For years, ingestion of what some may consider excesses of beta carotene has been deemed safe.^45,46 Carotenemia has rarely been associated with ill health.^47–49 In fact, juicing vegetables has become popular among health food advocates. However, if the fetus cannot store beta carotene and converts most of it to retinoic acids, levels could become teratogenic, especially when added to the retinoic acids derived from other sources.

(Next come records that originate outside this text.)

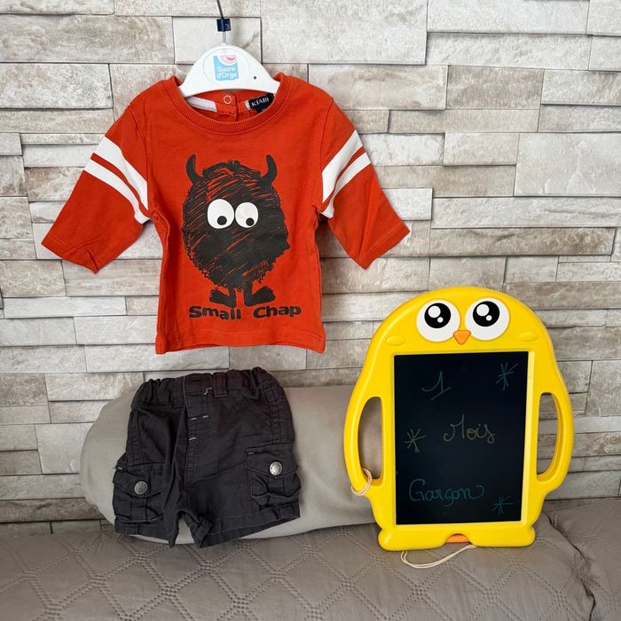 Ensemble short et maillot longues manches Marque Kiabi Très bon état, non porter par mon fils car bébé d’hiver Taille 1 mois #taille1mois #vetementgarçon #tresbonetat #kiabi #ensemblebebe #ensemblegarcon
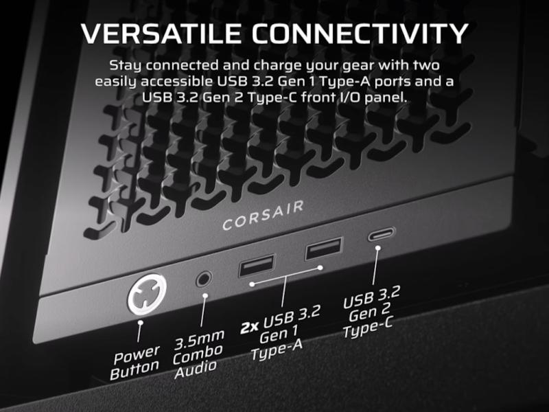 Priključci | Prednji panel: 2x USB 3.0 Type-A 1x USB 3.1 Type-C 1x kombinovani 3.5 mm audio priključak (slušalice/mikrofon) Power i Reset dugmad |
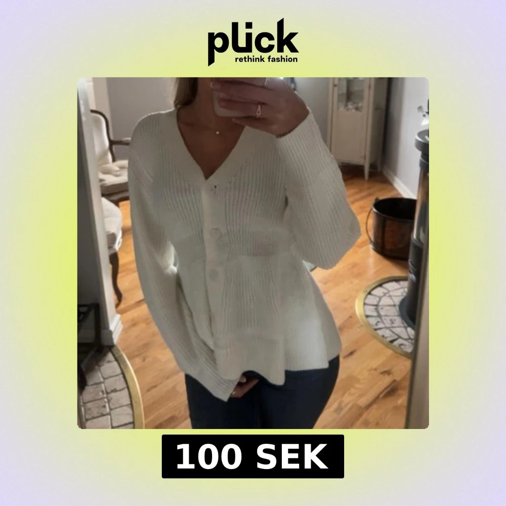 Superfin vit stickad kofta med v-ringning och stora knappar framtill. Modellen har långa ärmar och en lite lösare passform som ger en chill och snygg look. Perfekt att slänga på sig över ett linne eller t-shirt.
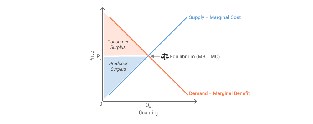 Both consumer surplus and producer surplus are economic terms used to define market wellness by studying the relationship between the consumers and suppliers. They explain the opportunity cost consumers forego to gain a marginal benefit (MB) for buying a good or service. To the producer, it is the willingness and ability to produce an extra unit of a product based on the marginal cost (MC) of producing more goods.
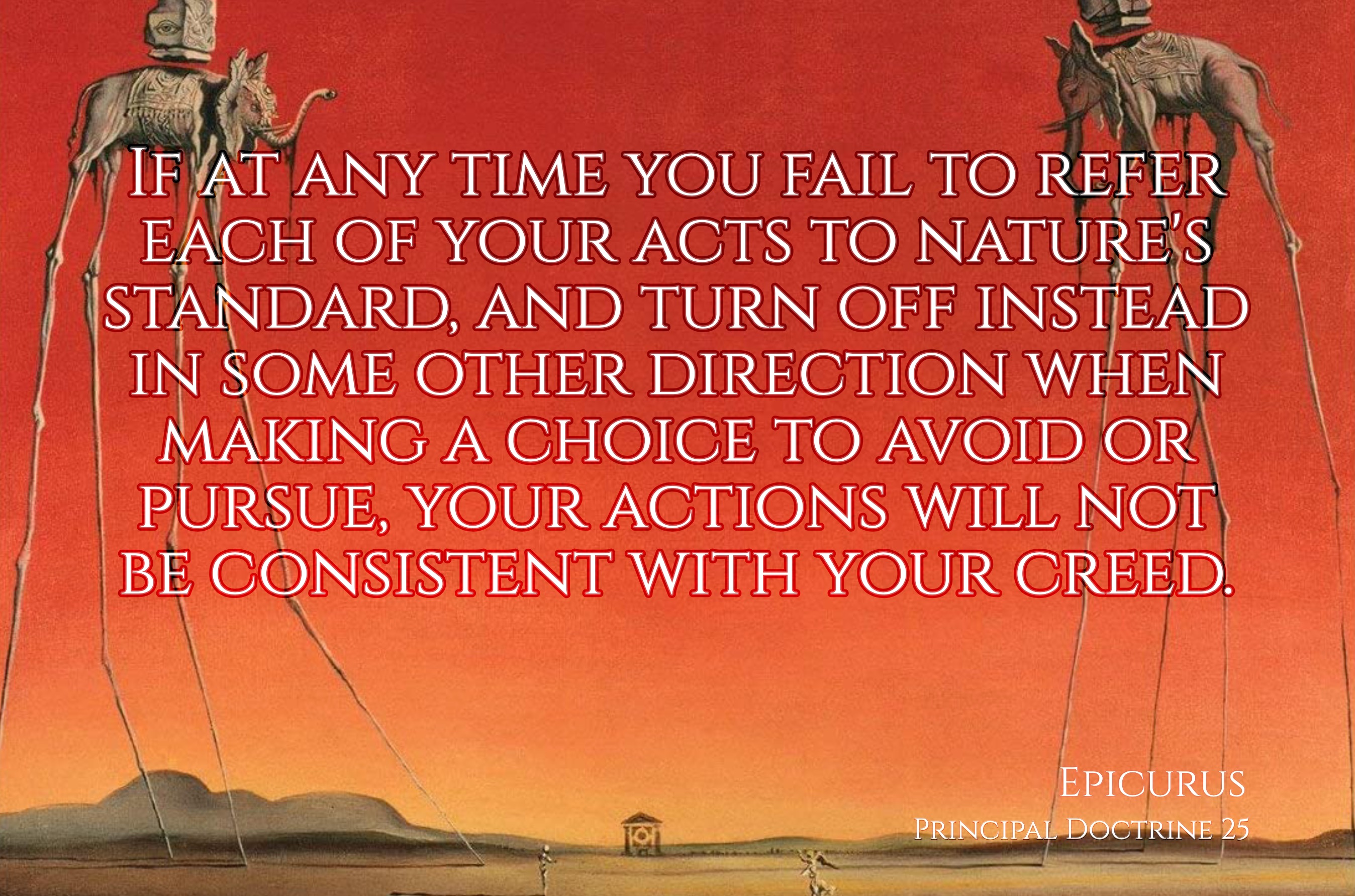 “If at any time you fail to refer each of your acts to nature's standard, and turn off instead in some other direction when making a choice to avoid or pursue, your actions will not be consistent with your creed.” (Epicurus, Principal Doctrine 25)

Potential flaws in the concepts presented in this paper

A basic proposition of this paper is that the fetus metabolizes beta carotene and its ability to store beta carotene is limited resulting in potential excesses of teratogenic retinoic acids. It is possible that specialized gating mechanisms for beta carotene may exist; and in cases of low levels of maternal retinol complexes, the gate opens to allow sufficient beta carotene to cross the placenta so that the fetus can convert it to retinol. Finally, if the concepts proposed in this paper are true, they may be relevant to an extremely small subset of children with neurodevelopmental disorders and may require a very large population to show an effect.

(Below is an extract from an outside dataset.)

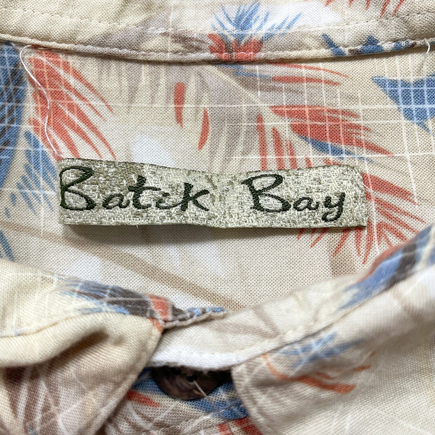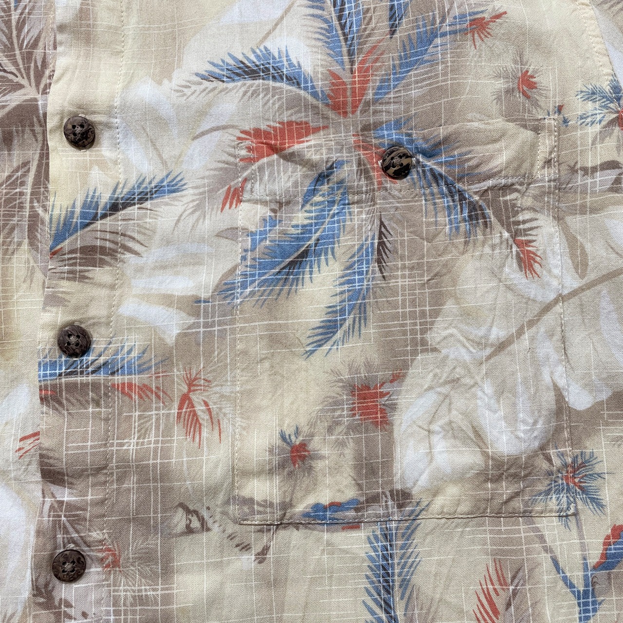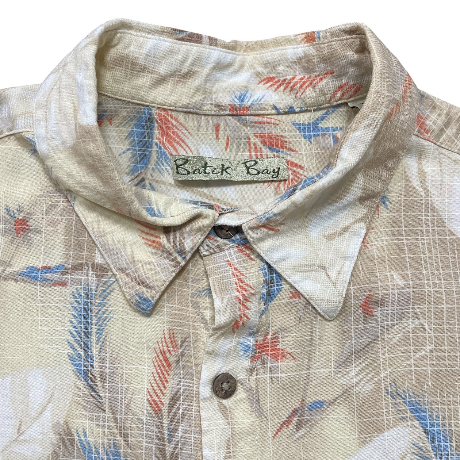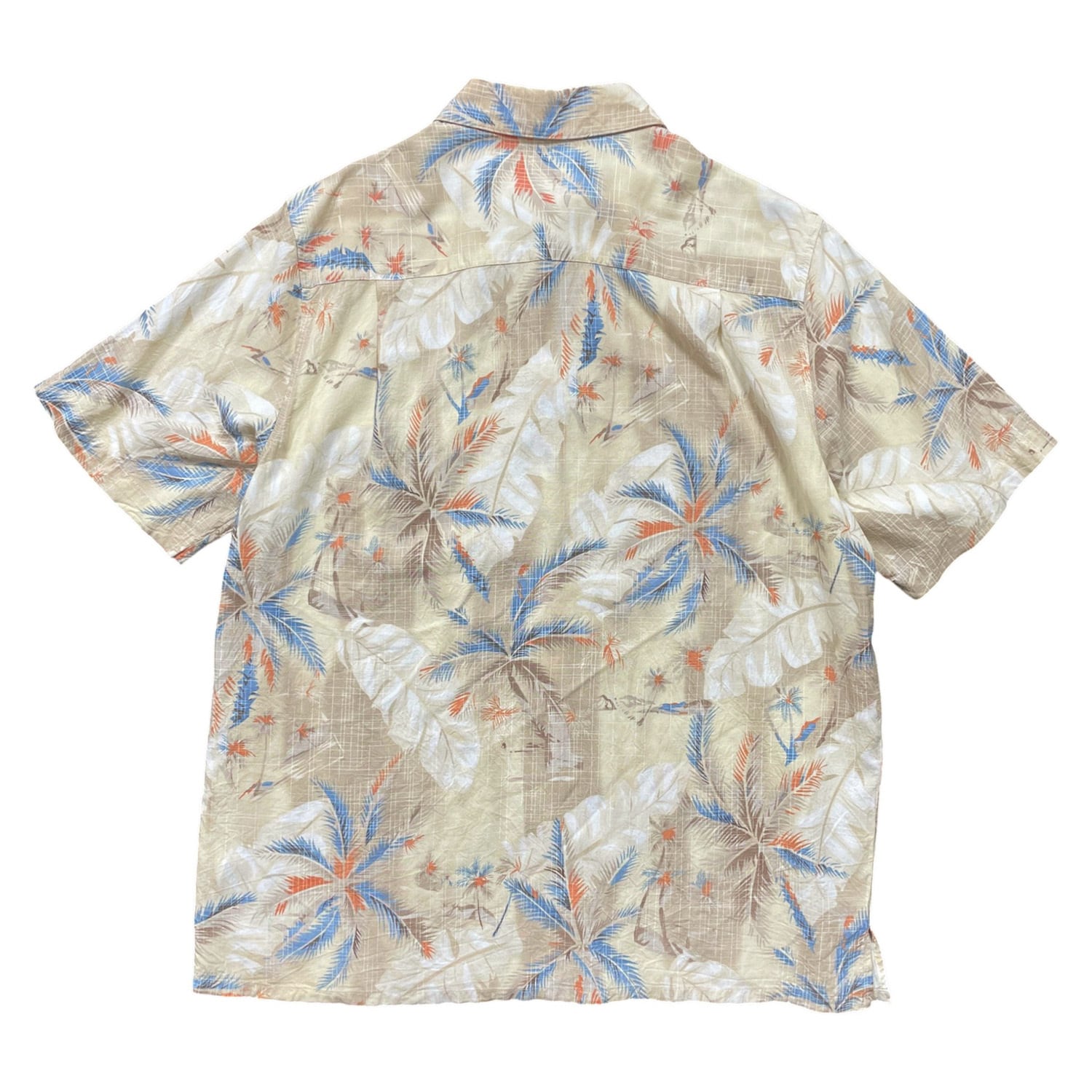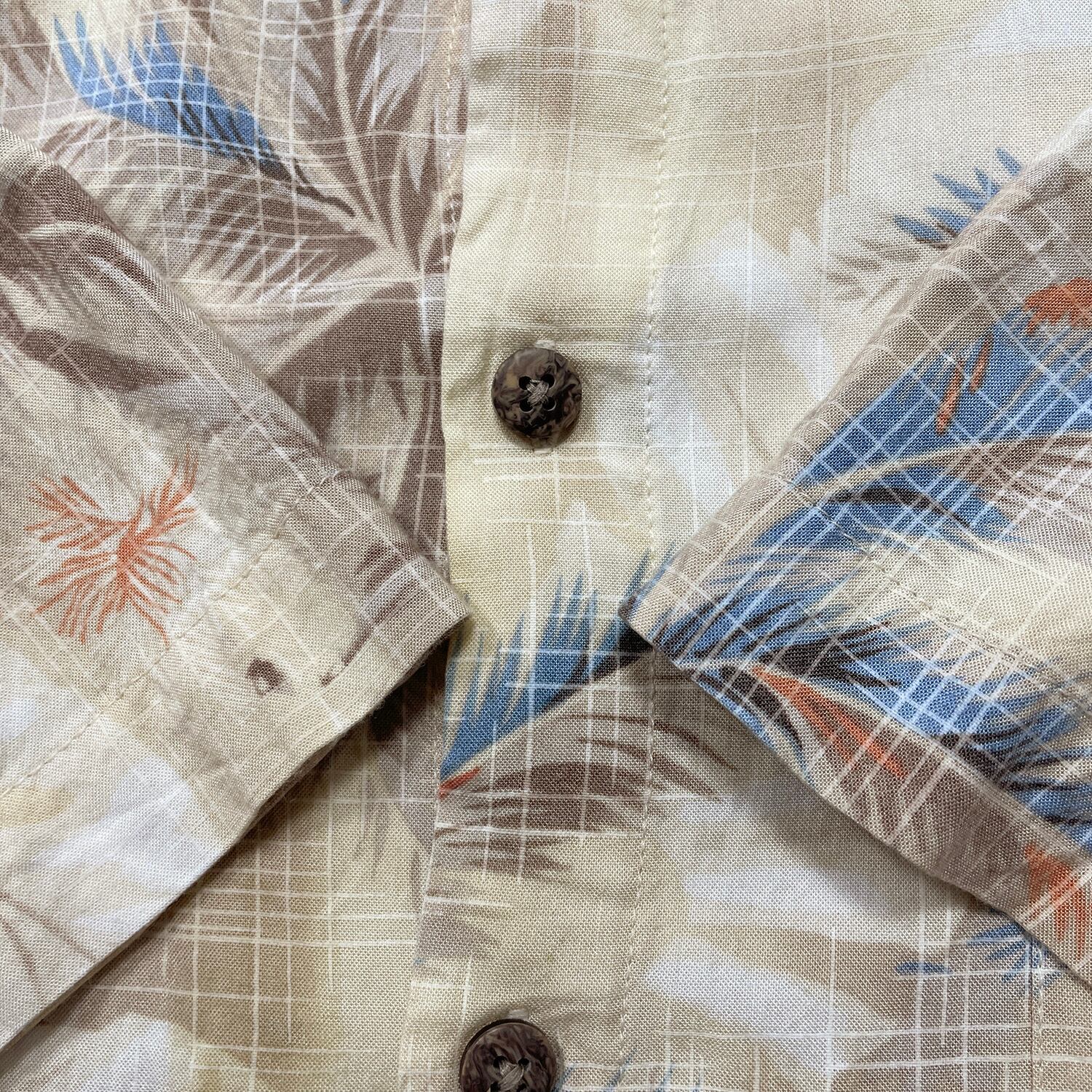 USA 古着 Batik Bay バティックベイ レーヨン アロハシャツ ハワイアンシャツ パームツリー柄 ヤシの木 メンズL ベージュ BF4096

Conclusion and Implications for Care

High levels of fetal retinoic acid, a metabolite of vitamin A, are known to be teratogenic and may be associated with developmental defects of the central nervous system, particularly involving the cerebellum, resulting in neurodevelopmental disorders. Previous concepts that support the indiscriminate intake of foods during pregnancy that contain high levels of beta carotene should be reexamined, because strong evidence suggests that the fetus has limited capacity to store beta carotene in fat and likely metabolizes it to retinoic acids. Since cis and trans retinoic acid are in equilibrium, an increase in the concentration of 13-trans retinoic acid is associated with an increase in the concentration of the more teratogenic 13-cis isomer. Also, it is proposed that at low oxygen tensions, as found in the fetus and in smokers, the enzymatic cleavage of beta carotene may produce excess 13-cis retinoic acid. It is very difficult to prove that a single behavioral teratogen exists. Clearly, genetic and environmental factors confound investigations. This author believes that awareness and simple monitoring of all potential sources of retinoic acid during the first trimester of pregnancy, including nutritional supplements, dietary vitamin A from animal sources, and beta carotene, may decrease the incidence of neurodevelopmental disorders.